Наконец наша пробежка по городу завершилась — мы снова очутились возле жилища летописца и моего теперь жилища. Мы проследовали мимо парадной двери, которая оказалась намного красивее и наряднее, чем у других горожан, мимо дорогих стеклянных окон в свинцовых переплетах. Затем свернули за угол и по боковому проулку вышли на тыльную дорогу вдоль городской стены.
В большой спешке с нас поснимали сбрую, повынимали фаллосы. «Коньков» отослали в конюшни. Я же буквально свалился к ногам господина, покрывая их поцелуями. Я целовал его мягкие сафьяновые туфли и у подъема, и их задники, и тонкие ремешки. Мои судорожные истеричные всхлипы становились все громче и громче.
Но о чем молил я хозяина?
«Сделай меня своим жалким презренным рабом! Смилуйся надо мной! Мне страшно, очень страшно…» — хотел возопить я.
И в мгновение полнейшего умопомрачения я даже возжелал, чтобы меня немедленно отправили на Позорищную площадь, где из последних сил я устремился бы к ужасной «вертушке»…
Но господин лишь молча развернулся и пошел в дом, я же на карачках поспешил за ним, пытаясь на ходу чмокнуть губами его ноги, лизнуть туфлю. Так я преследовал его собачонкой по всему коридору, пока он не оставил меня в маленькой кухне и ушел.
Меня вымыли и накормили слуги-мальчишки. Других рабов в этом доме не наблюдалось — меня одного, похоже, держали здесь для издевательств.
Потом молча, без всяких объяснений меня препроводили в маленькую столовую, тут же поставили к стене, разведя руки-ноги в виде «X» и приковав цепями. И так же молча ушли.
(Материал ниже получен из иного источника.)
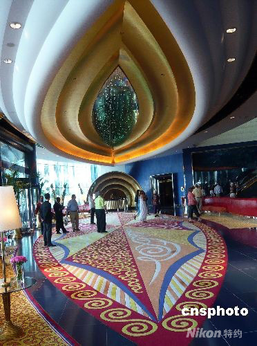 圖為帆船酒店具有阿拉伯民族傳統(tǒng)文化風格裝飾的豪華大廳。中新社發(fā) 錢興強 攝

Скромных размеров помещение, хорошо просматривавшееся с моего места, было чистеньким, аккуратным, старательно вылизанным. Именно такими я и представлял покои маленьких городских особняков — таких я никогда не видел во дворце, где я родился и вырос, или же в замке у королевы. Низкие потолочные балки были выкрашены и расписаны цветами. И я почувствовал — так же как в первый момент, едва ступив в этот дом, — свою чудовищную позорную наготу. Здесь, среди множества полок с начищенной до блеска оловянной посудой, среди дубовых стульев с высокими спинками и чисто прибранным очагом, я ощущал себя самым настоящим никчемным рабом.
Но, по крайней мере, я стоял ногами на этом вощеном полу и мог хотя бы отдохнуть, привалившись спиной к оштукатуренной стене. И мне с иронией подумалось, что, раз уж мой приятель имеет возможность немного покемарить, то и я вполне могу расслабиться.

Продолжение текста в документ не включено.